Tea, which originated in China, has conquered the world's taste over the last 2000 years. It is obtained from the leaf and bud of the plant Camellia sinensis. [1],[2] Depending on the manufacturing process, tea can be 'non-fermented' green tea, 'semifermented' oolong tea, or 'fermented' black tea. [3],[4] Consumption of tea is a daily routine in many parts of the world. It is the second most commonly consumed beverage in the world after water. The per capita mean consumption of tea in the world has been reported to be 120 ml/day. [4] In India, the per capita consumption of tea annually is 706 g. [5]

Green tea polyphenols have demonstrated significant antioxidant, anticarcinogenic, anti-inflammatory, thermogenic, probiotic, and antimicrobial properties in numerous human, animal, and in vitro studies. [6],[7] While there is an extensive literature suggesting medical health benefits associated with drinking tea (i.e., C sinensis), evidence-based information regarding the effects of tea on dental health is quite limited. Japanese folklore has it that drinking green tea 'makes the mouth clean.' [8]

One of the most prevalent and expensive bacterial infections in the world is dental caries, which is primarily caused by Streptococcus mutans. [9] The etiology of dental caries and variations in its prevalence are ascribed to differences in dietary habits (especially the consumption of sugar), variations in the patterns of oral hygiene, changes in the virulence of oral and dental plaque microflora, and alterations in the oral protective mechanisms (including the immune status). Glucans is an extracellular slime layer produced by many oral streptococci in the presence of sucrose that promotes adhesion and the formation of a dental plaque biofilm. The formation of dental plaque leads to localized demineralization due to the accumulation of acids. Theoretically, the inhibition of each step in the process of caries formation contributes to the prevention of dental caries. [10] Besides cleaning of teeth, the use of an antimicrobial agent to limit growth of cariogenic microorganisms in the oral cavity can also contribute to prevention of caries. In the last few years, there has been an increased interest in the properties of some plant-derived stimulant beverages, particularly chocolate, coffee, and tea, which have demonstrated anticariogenic activity both in vitro and in vivo.

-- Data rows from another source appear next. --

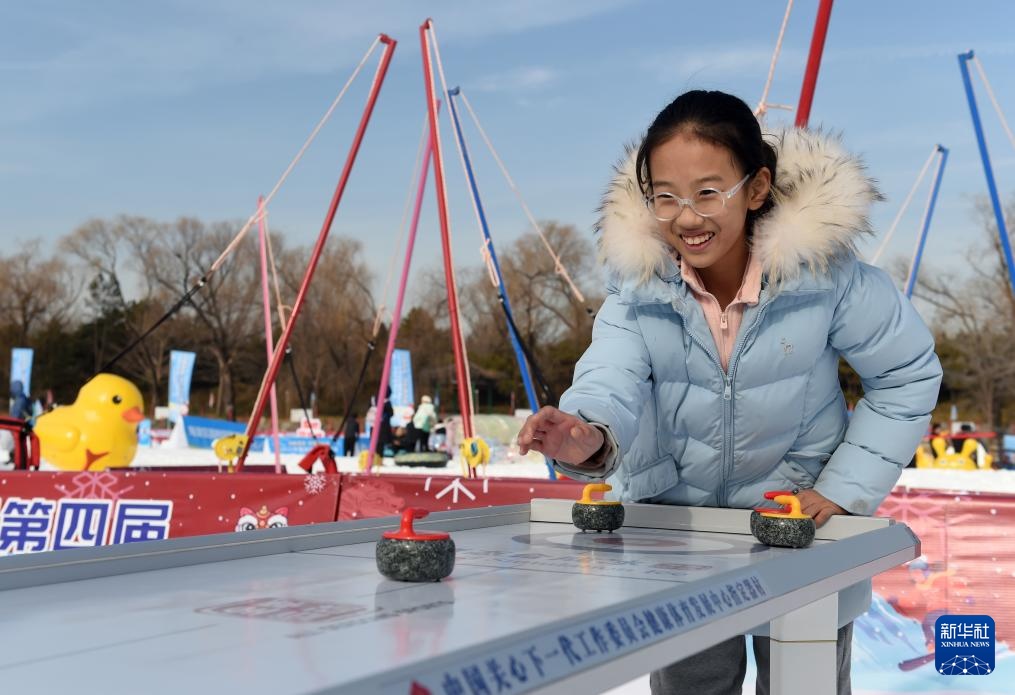 1月4日,一名小朋友在圆明园雪场内体验台式冰壶。
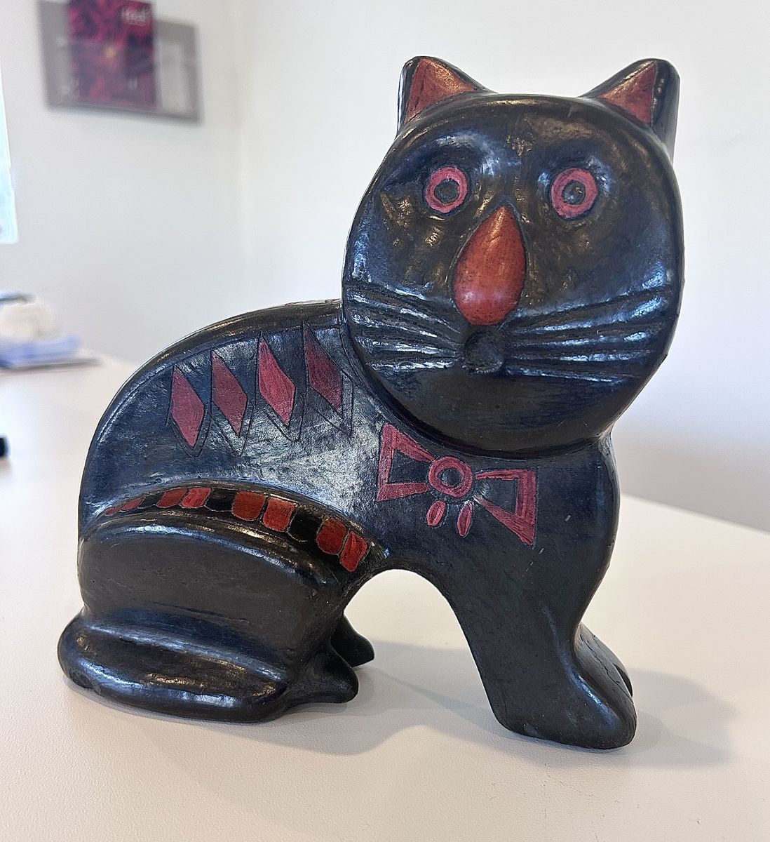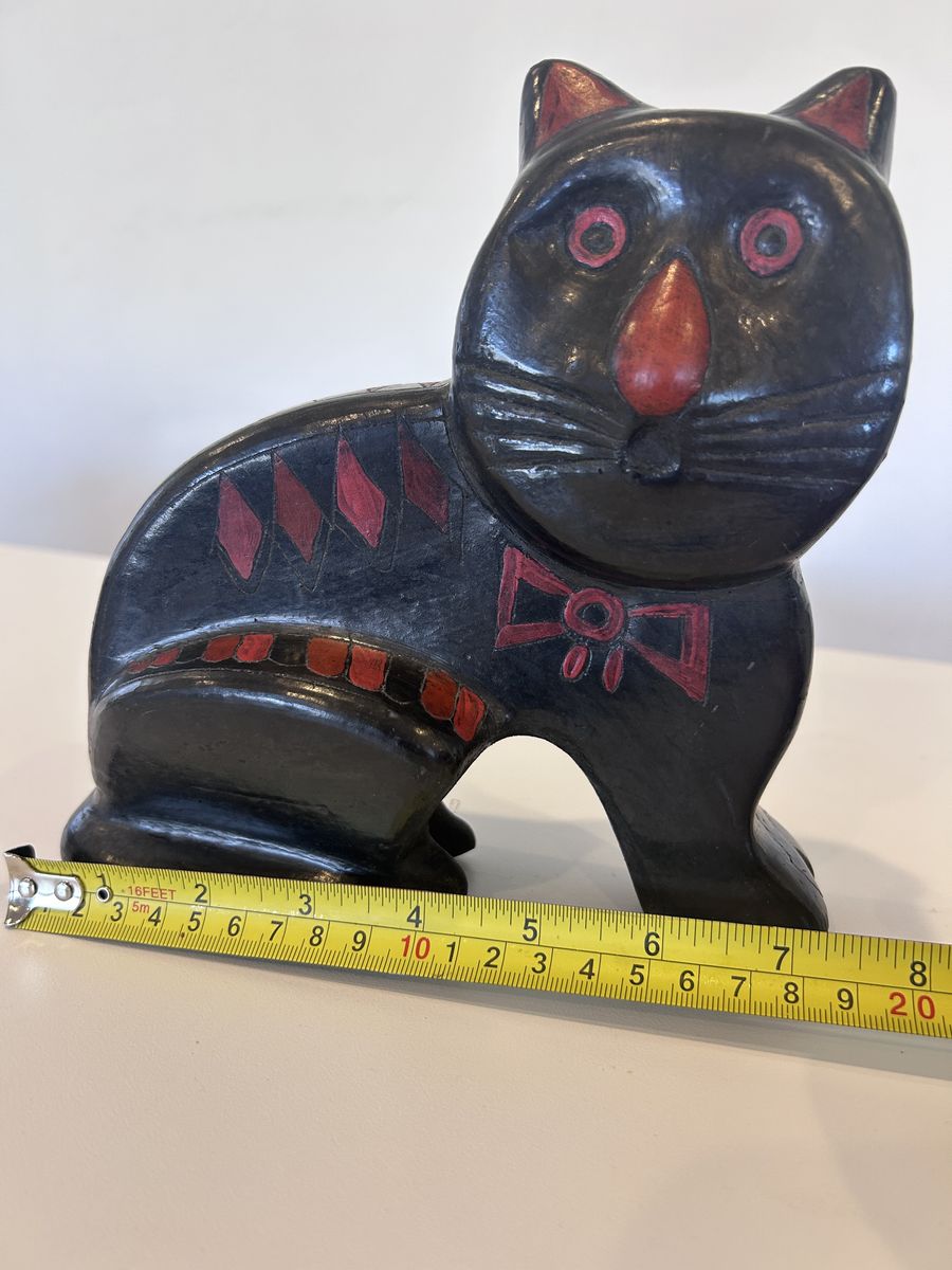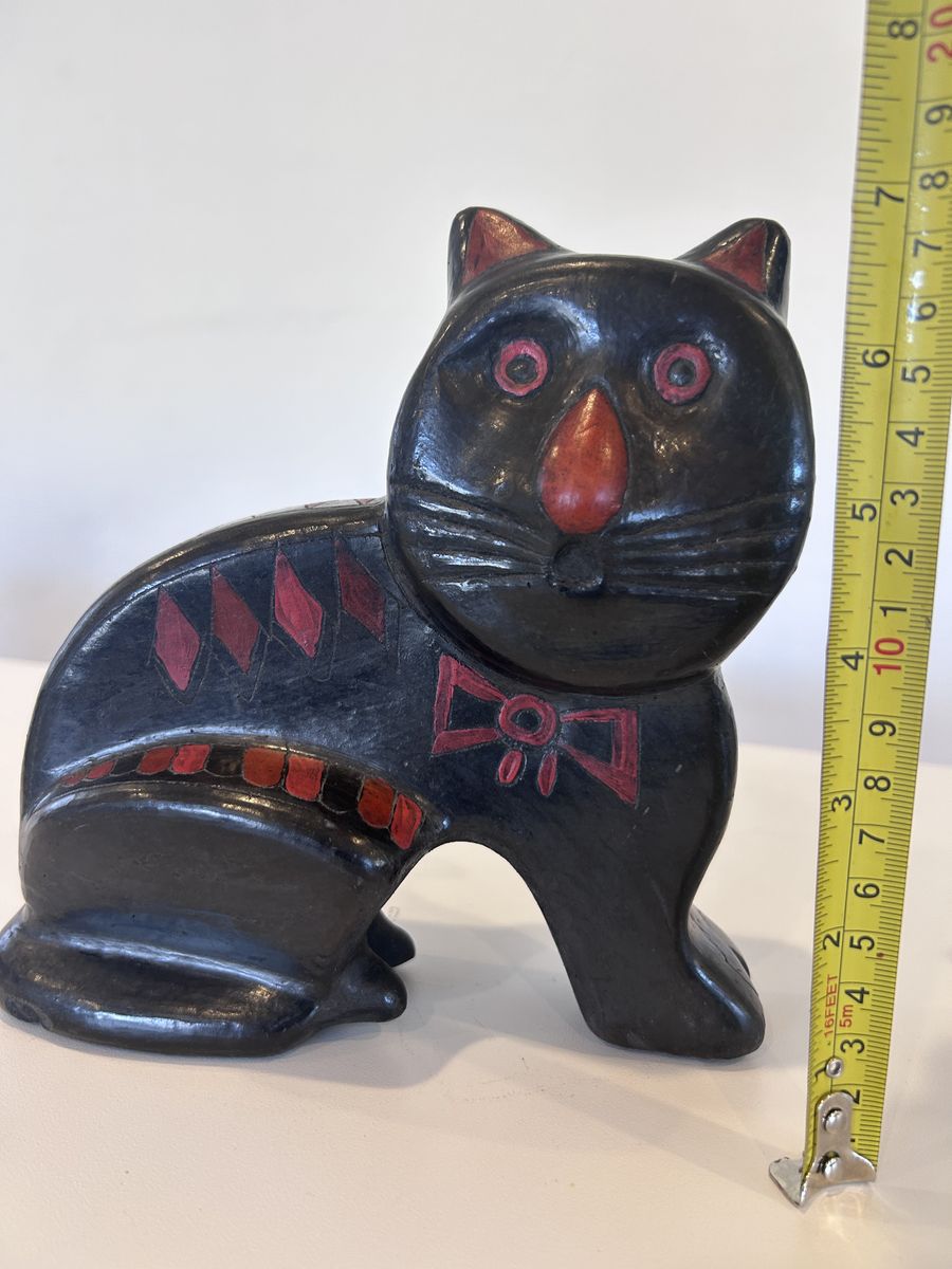 VenmoThe Mexican Folk Art Cat "El Gato" is a handmade collectible item originating from Mexico. This unique piece reflects the rich culture of Mexico through its design and craftsmanship. The intricate details and traditional Mexican elements make it a special and authentic piece for collectors or those interested in Latin American art. With its Mexican heritage and artisanal quality, this folk art cat is a charming addition to any collection.
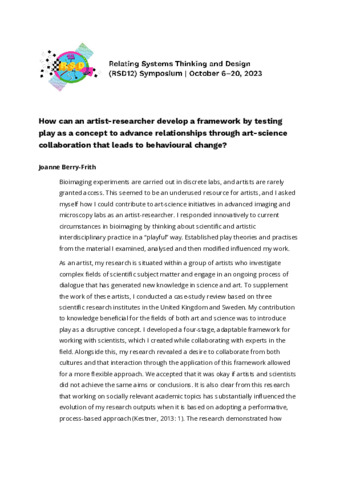 Berry-Frith, Joanne (2023) Art-Science Collaboration Framework: Play as a concept. In: Proceedings of Relating Systems Thinking and Design Volume: RSD12, 06-20 Oct 2023.
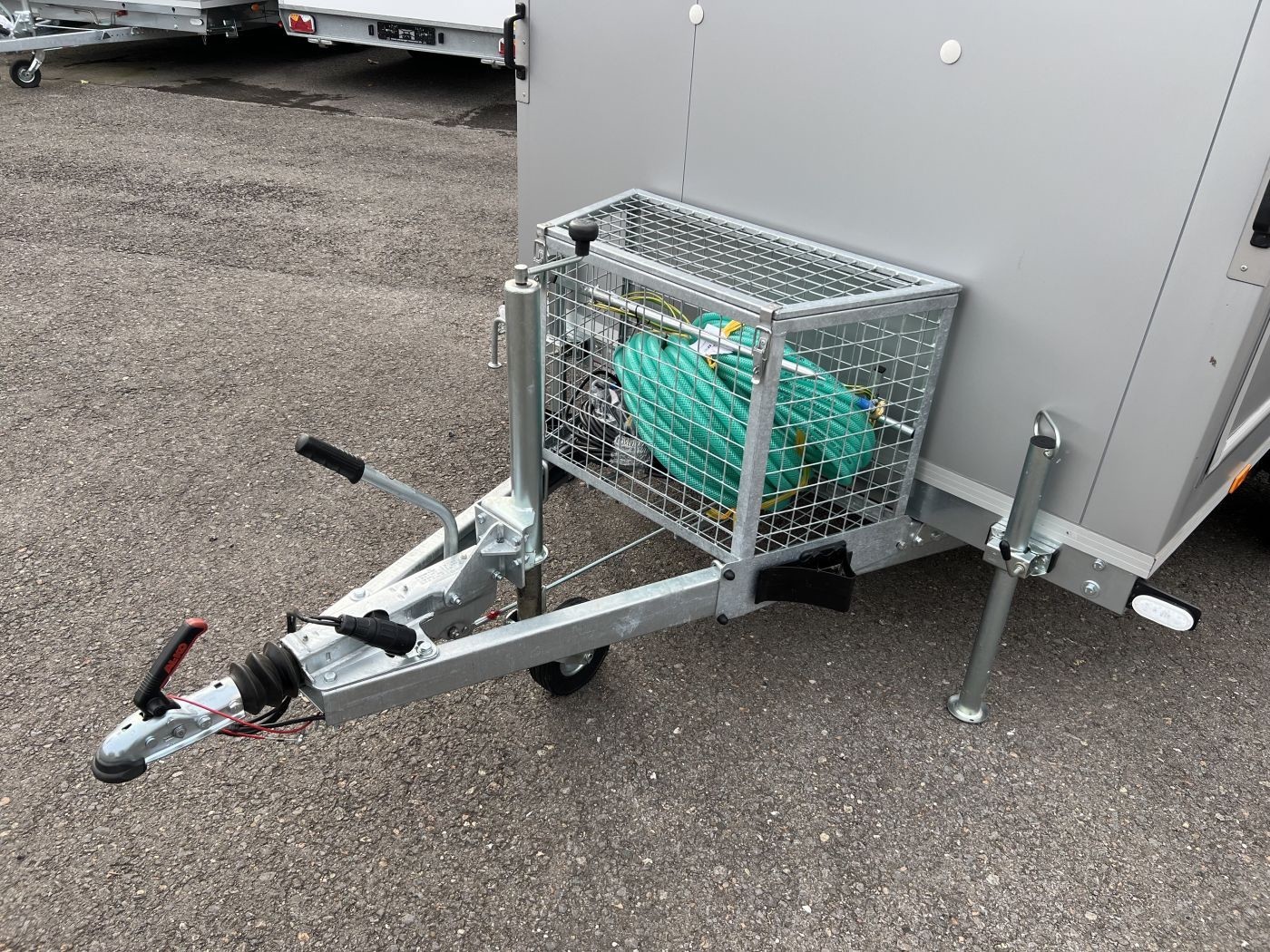 • Schlauchkorb auf der Deichsel zum hygienischen Transport benutzter Schläuche

Three commonly used and available tea varieties were selected for study in the present research. Black tea is consumed the world over and, in India, is favored the most. Green tea has been well researched. Though the beneficial effects of oolong tea have been reported, relatively little research has been done on it as it consumed only in a few parts of Asia, especially in eastern China and Taiwan. This study was therefore undertaken to assess whether crude extracts (organic and aqueous) of three types of tea (green, oolong, and black tea) have any effect on the growth of S. mutans and to compare the effect of these extracts with that of 0.2% chlorhexidine mouthwash.

 Materials and Methods

Phytochemical analysis

Both qualitative and quantitative phytochemical analysis was done for all the types of tea, using the method followed by Edeoga et al.[11]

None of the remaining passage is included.